Revolutionary development: How AI is changing software test automation
The exponential development of software also leads to an exponential increase in complexity and costs. This can be impressively observed in the development of video games. While the development costs for GTA 5 (2013) amounted to 200 million dollars, the costs for GTA 6 (2025) have already risen to over 2 billion dollars. Obviously Moore’s Law also applies here, but in terms of costs: a doubling roughly every two years!
One of the main cost drivers is quality. Software quality is largely dependent on a good test system, which is why professional manufacturers have been setting up highly automated test factories for years.
The next revolutionary step: AI-supported test methods and software
Thanks to artificial intelligence (AI), the next revolutionary step is now imminent: autonomous, AI-driven test methods and software. AI can recognise patterns in large amounts of data and automatically generate and optimise test cases from these findings, which significantly increases efficiency and accuracy. Another area of application is automatic error detection: AI systems can recognise and identify anomalies and errors that human testers can overlook. This leads to faster and more precise troubleshooting.
More than just detection: optimization and troubleshooting with AI
However, AI test software goes beyond mere error detection. It actively helps to eliminate vulnerabilities and optimises the code through direct interventions. AI-supported test automation tools can also simulate user behaviour in order to test user-friendliness and performance under realistic conditions. Machine learning allows these systems to continuously learn and improve their testing strategies, resulting in increasingly accurate and comprehensive test coverage.

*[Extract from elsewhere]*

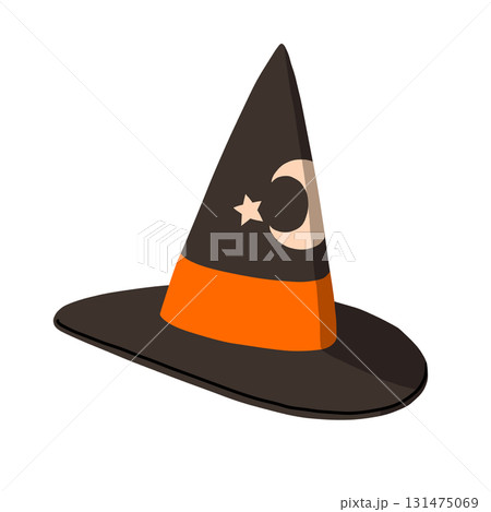 ハロウィン用/月と星の模様が描かれた華やかな魔女のとんがり帽子【主線あり】

Simplified creation and maintenance of test scripts
The creation and maintenance of test scripts is also made easier by the use of AI, as intelligent algorithms can automatically make adjustments when the application changes. AI-based test software also supports performance tuning and improves documentation through professional test methods.
Deeper insights through AI-supported analysis
An evolutionary step for software development
AI in software test automation is a logical evolutionary step and will be indispensable for professional software development in just a few years. This applies not only to large software houses, but also to small companies and software projects. AI has the wonderful characteristic that it hardly needs any economies of scale to be profitable.
The need for quality assurance
Software projects often neglect the aspect of testing. However, this is urgently required for quality assurance. AI offers numerous possibilities for this.
The future: convergence of AI-based code development and testing
A look into the future shows that AI-based code development and AI-based testing will converge, potentially reducing the number of coders required. Especially in areas where low-code or no-code methods are used, AI testing software will be indispensable. The designer of the software themselves will no longer be able to test their product and will be reliant on independent AI testing software, which should be built into the no/low-code tools.
Governance and Compliance
This development requires additional governance to ensure that the software meets a company’s general compliance rules and legal requirements, which are also growing exponentially. In addition, the independence of AI developers and AI testers must be guaranteed to avoid conflicts of interest.